There are many ways to run from trauma. It can be trying to outrun it by doing too much, pushing too hard, never having one of those quiet moments alone at home where you finally let yourself think about it and process it all. You can try to run into the future before the past can catch you. But, ironically, no matter how fast you go, you stay in the same place, because the healing and processing never happens. I have traveled the world to get away from trauma. I have run from one lover to another only to find the same problems in both relationships. I’ve put on blinders like horses wear during races, thinking if I didn’t look at it and just sprinted and accomplished something great, it wouldn’t hurt me. But in all these attempts, we are paralyzed. We end up taking our bodies many places and keeping our hearts and souls stuck in the same spot. We aren’t even fully present to what’s around us physically. We inhibit feeling all the real and tragic and beautiful and perfect magic in the moment, because our deeper selves are stuck. 

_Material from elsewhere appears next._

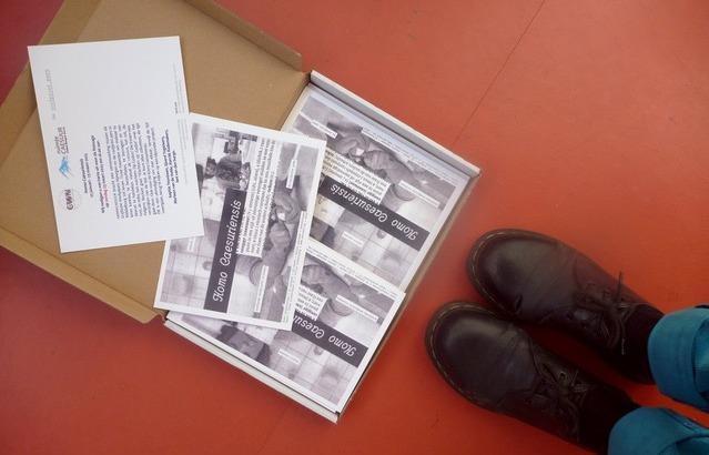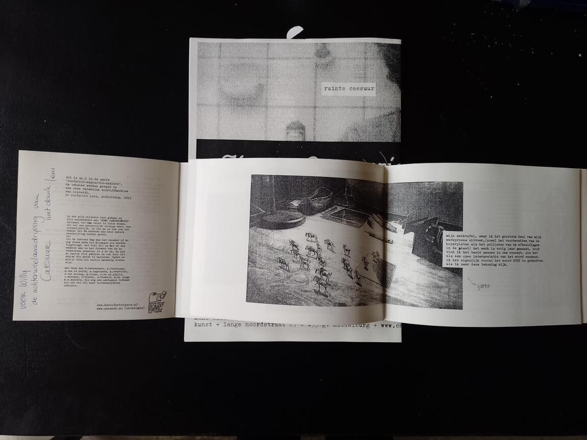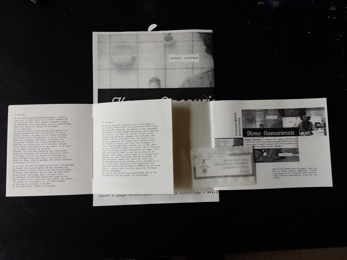 HOMO CAESURIENSIS (de caesuriaanse mens) is een samenwerkingsproject van de grafische werkplaats nijmegen en de roofprint pers in middelburg. plaats van handeling: de ruimte van CAESUUr, lange noordstraat, middelburg. de spelers: Sophie Teunissen, Sjoerd Tegelaers, Marleen van de Velde, (grafische werkplaats nijmegen) met harriët rademakers & leni van den berge (de roofprint pers). (voorlopige) uitgangspunten middelburg: een steen, een spruitende aardappel, een trapleer met een geschiedenis, wellicht een drukpersje, boeken en een triadisch ballet. de titel verwijst naar het idee dat iedereen die meewerkt dat doet in de geest van CAESUUR: vrij en eigenzinnig. het doel van deze catalogus is dat het functioneert als een soort vandaag boek dat mensen kunnen volgen. de verstolling maakte leni in de vorm van een van haar boeken . . .

The trick is to run with it. Run toward it. Run right into it, as if meeting an old friend in a coffee shop, wherever you can. On the running trail, or in the bathtub, or in your journal. Whereever you can meet it. Don’t run from it, run through it. Move with it. Move for it. Move through it. If your body comes along for the ride and does some physical movement at the same time, great. If not, and your body needs to lay down and not move and just allow the heart and soul and mind to come together, that’s great too. There is no wrong way, as long as you move for it and with it and through it. This is how we sanctify the spaces of hurt that live in either the past or the possible future and transform them into power. This is how we honor the pain as holy, by recognizing it and greeting it as the divine teacher it is. 

The place we think we are the least safe, (where we are afraid to feel and see and process) is ironically the only safe place. Because it’s the place we heal. 


Now back in my normal routine and responsibilities, I find myself more exhausted than at the height of the sickness, even after 7 miles on the road. I can see the demands and schedules I had, the expectations I forced myself to meet and told others to rely on, are constricting and confining and keep me as a hamster in a wheel, sprinting. I’ve vowed to find more safe places, like afternoon walks and hot baths in the middle of the day and quiet hours with a book before bed. I’ve promised to attune to that stillness, the non-running, so as to move forward the needle of my highest and most healed self. I’ve committed to zooming in on the spot that my fears and I currently inhabit, rather than trying to see the entire map of what’s ahead (the future) and what’s behind (the past) on my life’s journey. Thus, I’m no longer looking down at a map of a long and winding path. I’m looking up, and seeing a big, wide open sky above me, and feeling a healthy sense of freedom I’ve never known before.